(DATA PROVIDED)
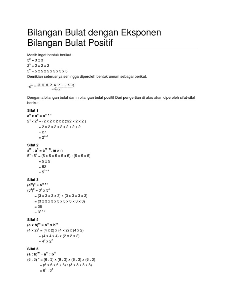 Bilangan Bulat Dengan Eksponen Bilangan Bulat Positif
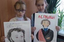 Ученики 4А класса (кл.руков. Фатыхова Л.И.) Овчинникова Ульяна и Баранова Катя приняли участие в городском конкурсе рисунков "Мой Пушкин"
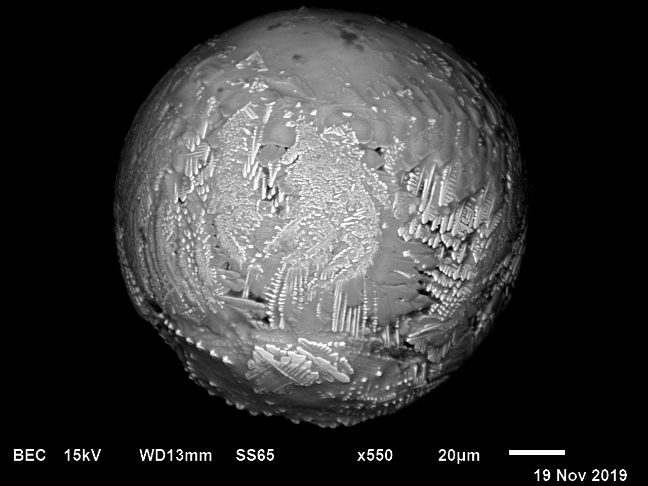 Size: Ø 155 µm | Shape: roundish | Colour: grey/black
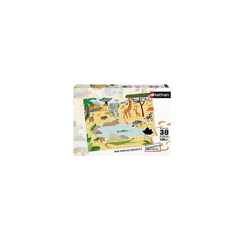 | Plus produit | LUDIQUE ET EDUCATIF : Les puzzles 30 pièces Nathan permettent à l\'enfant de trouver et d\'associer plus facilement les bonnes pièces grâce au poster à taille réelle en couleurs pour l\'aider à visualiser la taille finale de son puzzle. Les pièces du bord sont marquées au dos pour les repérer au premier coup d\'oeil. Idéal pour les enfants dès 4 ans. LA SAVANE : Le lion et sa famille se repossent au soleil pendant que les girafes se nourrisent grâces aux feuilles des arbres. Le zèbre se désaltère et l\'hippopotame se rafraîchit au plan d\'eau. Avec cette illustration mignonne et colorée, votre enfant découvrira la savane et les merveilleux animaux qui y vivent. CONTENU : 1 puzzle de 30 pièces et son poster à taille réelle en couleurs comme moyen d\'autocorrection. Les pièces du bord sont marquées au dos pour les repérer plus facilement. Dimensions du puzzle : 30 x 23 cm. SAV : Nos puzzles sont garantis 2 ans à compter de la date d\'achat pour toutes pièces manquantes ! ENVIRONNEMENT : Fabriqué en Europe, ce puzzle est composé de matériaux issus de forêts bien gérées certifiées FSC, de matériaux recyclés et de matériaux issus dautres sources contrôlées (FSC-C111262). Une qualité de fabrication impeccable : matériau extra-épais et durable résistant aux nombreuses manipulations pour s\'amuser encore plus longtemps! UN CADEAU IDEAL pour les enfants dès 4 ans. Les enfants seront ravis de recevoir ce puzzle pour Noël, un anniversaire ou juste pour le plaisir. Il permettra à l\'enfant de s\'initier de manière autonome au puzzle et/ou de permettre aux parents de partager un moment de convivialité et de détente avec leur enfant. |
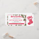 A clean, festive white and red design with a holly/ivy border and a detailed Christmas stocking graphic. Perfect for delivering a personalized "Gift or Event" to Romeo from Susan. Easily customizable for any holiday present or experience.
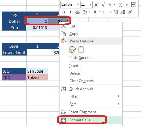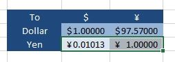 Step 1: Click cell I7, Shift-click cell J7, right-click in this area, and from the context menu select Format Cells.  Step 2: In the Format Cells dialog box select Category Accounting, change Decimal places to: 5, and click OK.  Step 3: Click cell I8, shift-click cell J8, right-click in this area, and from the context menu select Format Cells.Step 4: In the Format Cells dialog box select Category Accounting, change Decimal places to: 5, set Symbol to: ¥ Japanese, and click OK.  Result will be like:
(End DATA PROVIDED)
(DATA PROVIDED)
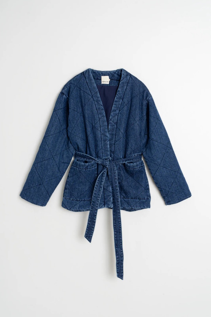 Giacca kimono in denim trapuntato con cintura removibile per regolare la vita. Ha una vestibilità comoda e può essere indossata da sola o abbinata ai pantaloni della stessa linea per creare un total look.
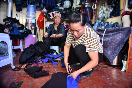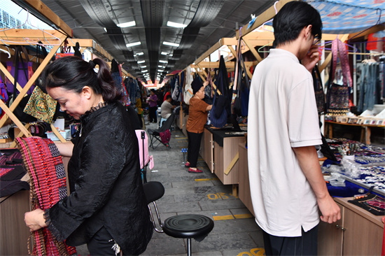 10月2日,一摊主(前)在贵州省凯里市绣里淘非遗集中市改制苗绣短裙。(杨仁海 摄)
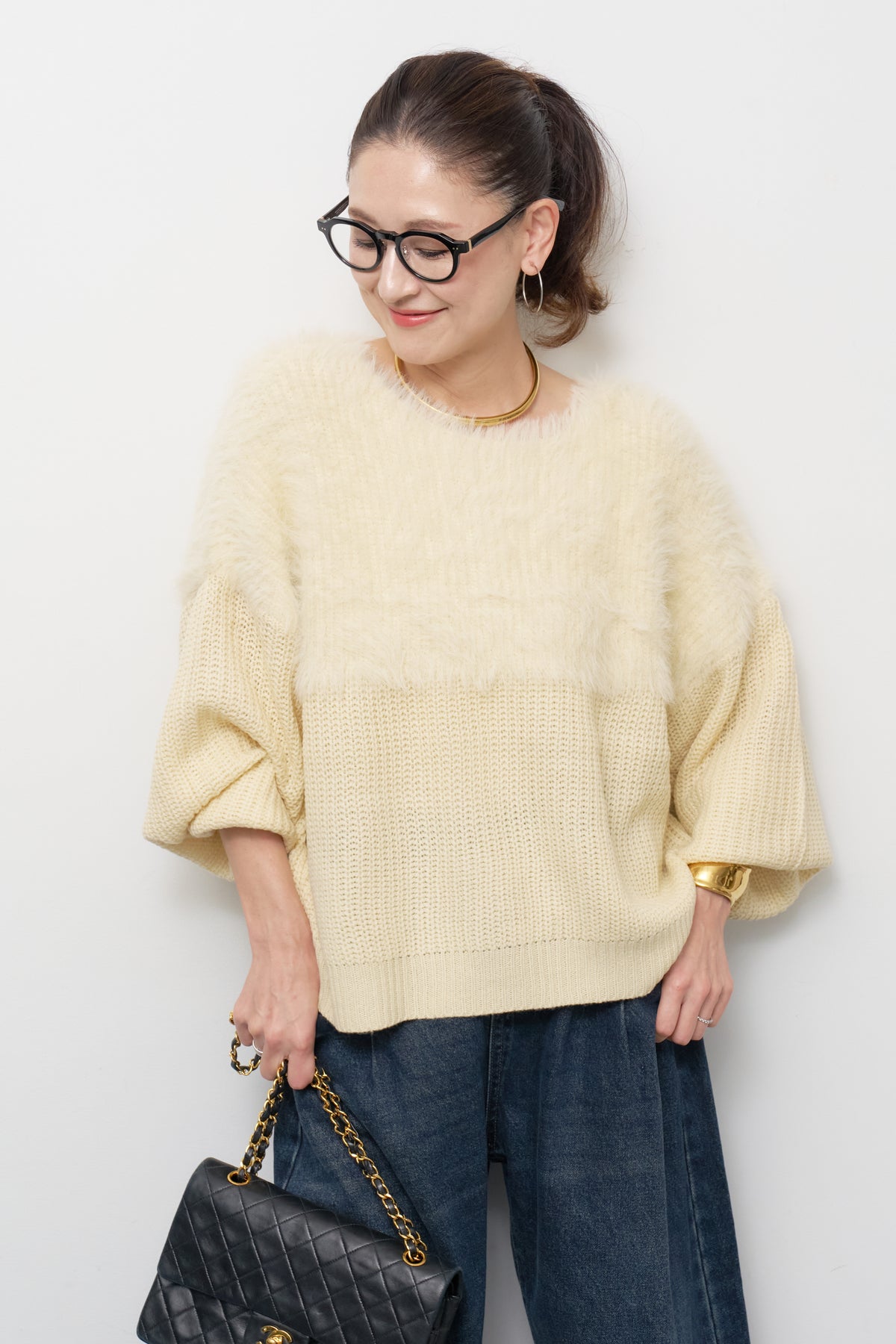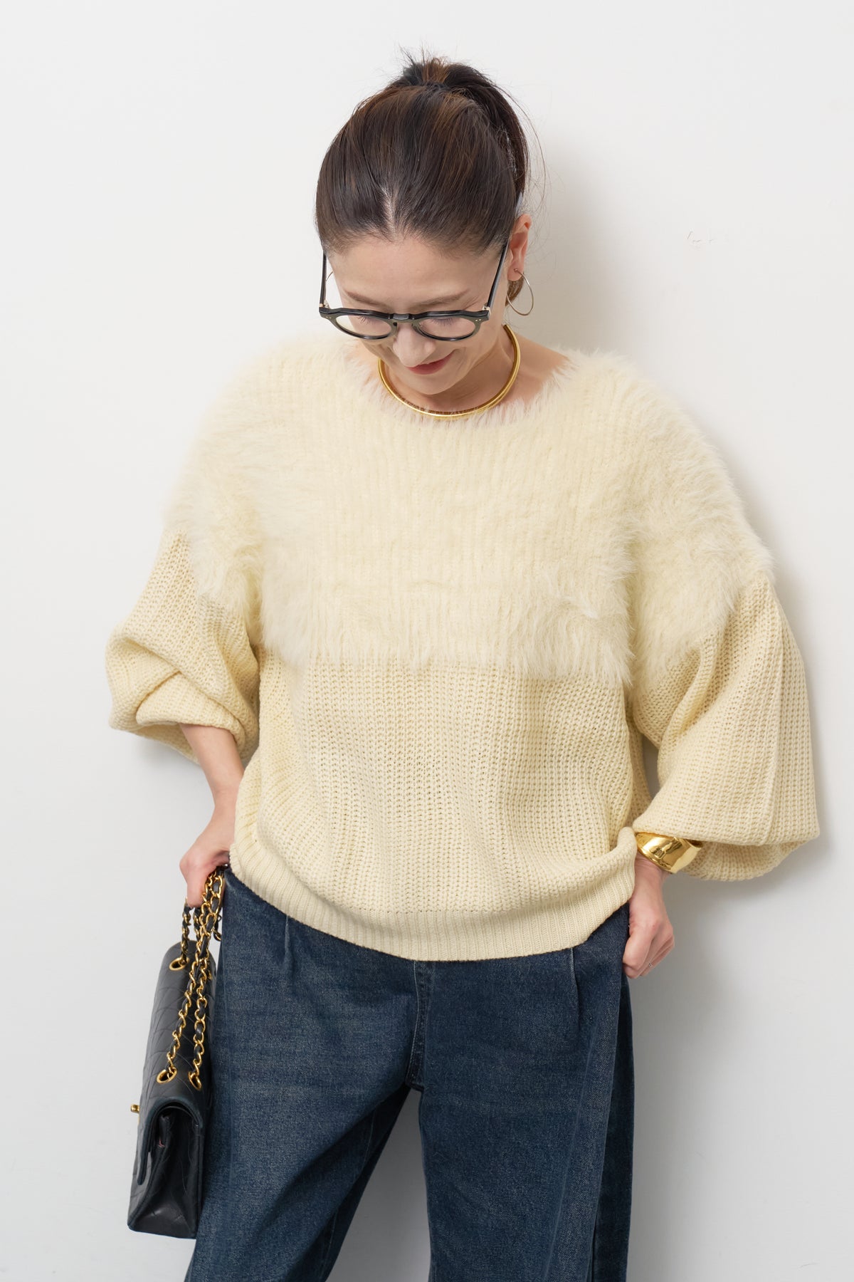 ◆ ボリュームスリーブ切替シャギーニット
(End DATA PROVIDED)
(DATA PROVIDED)
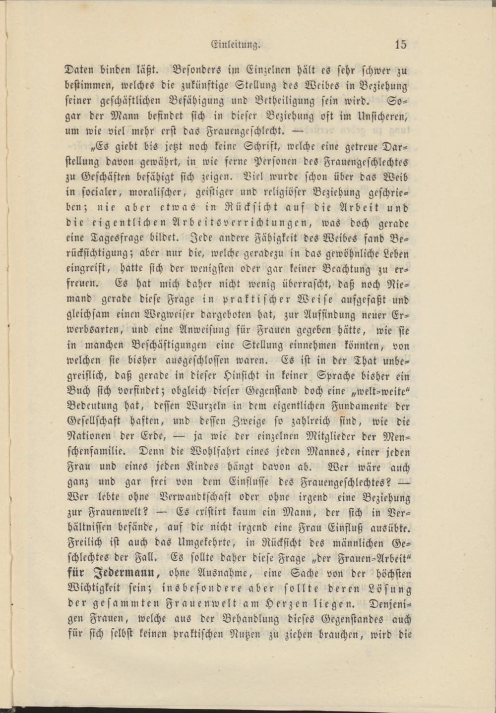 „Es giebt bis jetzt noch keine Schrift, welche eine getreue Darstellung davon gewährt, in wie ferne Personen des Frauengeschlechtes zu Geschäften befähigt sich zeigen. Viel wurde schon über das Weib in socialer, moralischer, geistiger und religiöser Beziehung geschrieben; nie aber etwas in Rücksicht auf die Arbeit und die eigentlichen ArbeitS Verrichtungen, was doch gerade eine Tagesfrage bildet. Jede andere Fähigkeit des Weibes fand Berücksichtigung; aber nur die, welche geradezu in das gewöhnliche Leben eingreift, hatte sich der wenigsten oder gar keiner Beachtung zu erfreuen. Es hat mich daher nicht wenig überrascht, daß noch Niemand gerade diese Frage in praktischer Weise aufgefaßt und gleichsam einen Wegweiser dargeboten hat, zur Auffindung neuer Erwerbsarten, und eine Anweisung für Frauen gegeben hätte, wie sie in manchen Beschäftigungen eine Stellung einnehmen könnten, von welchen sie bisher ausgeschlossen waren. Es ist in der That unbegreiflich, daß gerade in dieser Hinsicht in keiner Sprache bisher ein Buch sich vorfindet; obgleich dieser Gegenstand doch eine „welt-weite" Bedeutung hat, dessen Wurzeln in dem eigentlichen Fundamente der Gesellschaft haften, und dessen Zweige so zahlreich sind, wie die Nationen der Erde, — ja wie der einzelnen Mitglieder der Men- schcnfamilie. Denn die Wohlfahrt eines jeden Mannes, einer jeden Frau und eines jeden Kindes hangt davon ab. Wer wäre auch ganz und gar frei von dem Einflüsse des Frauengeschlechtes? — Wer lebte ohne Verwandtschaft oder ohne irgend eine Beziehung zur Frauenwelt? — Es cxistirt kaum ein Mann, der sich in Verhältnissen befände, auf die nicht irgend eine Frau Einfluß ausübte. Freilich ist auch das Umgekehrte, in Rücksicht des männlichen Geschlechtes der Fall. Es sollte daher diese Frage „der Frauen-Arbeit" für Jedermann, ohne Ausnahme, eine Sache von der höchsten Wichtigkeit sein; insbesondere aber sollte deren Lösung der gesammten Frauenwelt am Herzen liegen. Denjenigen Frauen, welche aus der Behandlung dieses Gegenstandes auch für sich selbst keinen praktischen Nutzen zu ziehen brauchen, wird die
(End DATA PROVIDED)
● YOUR GOAL: Your answer should consist of the lines above between those holding "Size: Ø 155" and "A clean, festive", inclusive, reproduced word for word and without pictures.

● TASK ANSWER:
 Size: Ø 155 µm | Shape: roundish | Colour: grey/black
 | Plus produit | LUDIQUE ET EDUCATIF : Les puzzles 30 pièces Nathan permettent à l\'enfant de trouver et d\'associer plus facilement les bonnes pièces grâce au poster à taille réelle en couleurs pour l\'aider à visualiser la taille finale de son puzzle. Les pièces du bord sont marquées au dos pour les repérer au premier coup d\'oeil. Idéal pour les enfants dès 4 ans. LA SAVANE : Le lion et sa famille se repossent au soleil pendant que les girafes se nourrisent grâces aux feuilles des arbres. Le zèbre se désaltère et l\'hippopotame se rafraîchit au plan d\'eau. Avec cette illustration mignonne et colorée, votre enfant découvrira la savane et les merveilleux animaux qui y vivent. CONTENU : 1 puzzle de 30 pièces et son poster à taille réelle en couleurs comme moyen d\'autocorrection. Les pièces du bord sont marquées au dos pour les repérer plus facilement. Dimensions du puzzle : 30 x 23 cm. SAV : Nos puzzles sont garantis 2 ans à compter de la date d\'achat pour toutes pièces manquantes ! ENVIRONNEMENT : Fabriqué en Europe, ce puzzle est composé de matériaux issus de forêts bien gérées certifiées FSC, de matériaux recyclés et de matériaux issus dautres sources contrôlées (FSC-C111262). Une qualité de fabrication impeccable : matériau extra-épais et durable résistant aux nombreuses manipulations pour s\'amuser encore plus longtemps! UN CADEAU IDEAL pour les enfants dès 4 ans. Les enfants seront ravis de recevoir ce puzzle pour Noël, un anniversaire ou juste pour le plaisir. Il permettra à l\'enfant de s\'initier de manière autonome au puzzle et/ou de permettre aux parents de partager un moment de convivialité et de détente avec leur enfant. |
 A clean, festive white and red design with a holly/ivy border and a detailed Christmas stocking graphic. Perfect for delivering a personalized "Gift or Event" to Romeo from Susan. Easily customizable for any holiday present or experience.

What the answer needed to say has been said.